**Exercise material:**
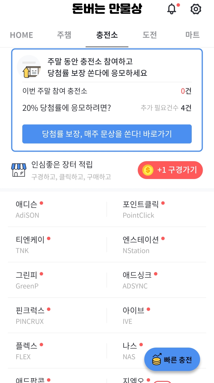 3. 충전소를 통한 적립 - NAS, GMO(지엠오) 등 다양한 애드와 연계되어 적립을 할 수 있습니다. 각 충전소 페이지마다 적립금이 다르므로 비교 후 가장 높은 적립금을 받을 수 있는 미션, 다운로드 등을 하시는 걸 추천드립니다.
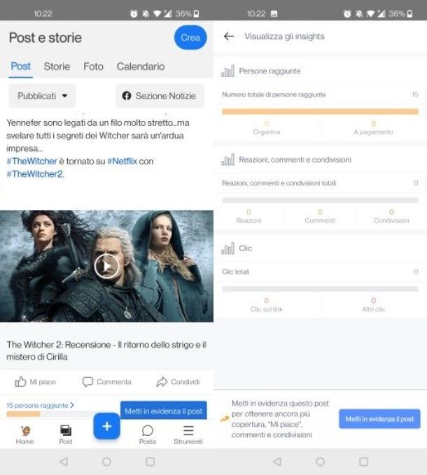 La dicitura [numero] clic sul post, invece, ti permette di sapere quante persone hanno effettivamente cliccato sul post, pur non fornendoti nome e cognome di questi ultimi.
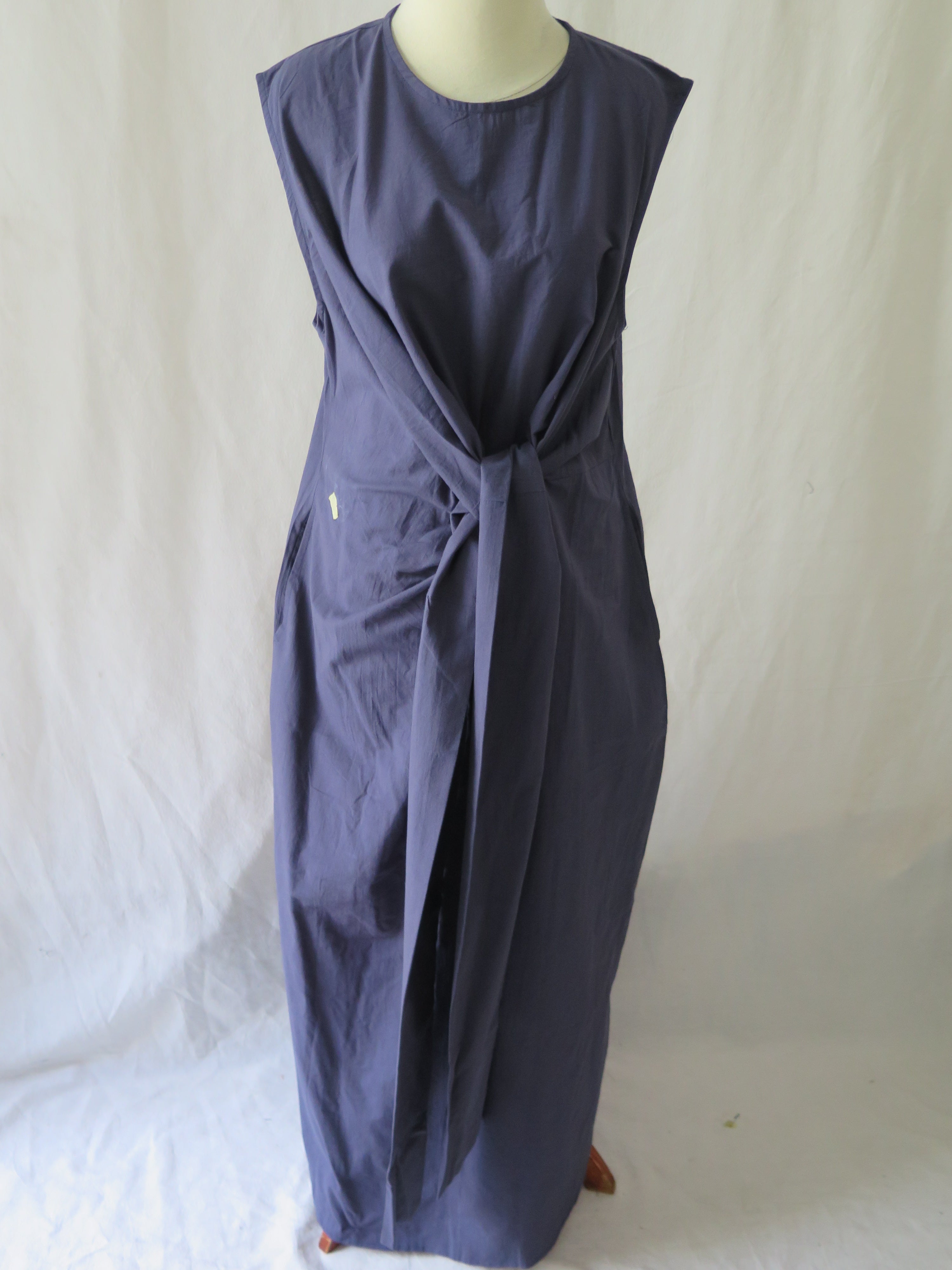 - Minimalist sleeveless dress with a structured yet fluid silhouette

--

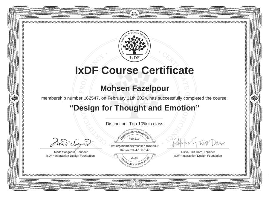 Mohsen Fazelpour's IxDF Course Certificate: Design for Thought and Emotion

**To do:** Using the entries above, repeat exactly the lines from the one with "3. 충전소를 통한 적립" to the one with "- Minimalist sleeveless", both included, and leave the pictures behind.

**Task result:**
 3. 충전소를 통한 적립 - NAS, GMO(지엠오) 등 다양한 애드와 연계되어 적립을 할 수 있습니다. 각 충전소 페이지마다 적립금이 다르므로 비교 후 가장 높은 적립금을 받을 수 있는 미션, 다운로드 등을 하시는 걸 추천드립니다.
 La dicitura [numero] clic sul post, invece, ti permette di sapere quante persone hanno effettivamente cliccato sul post, pur non fornendoti nome e cognome di questi ultimi.
 - Minimalist sleeveless dress with a structured yet fluid silhouette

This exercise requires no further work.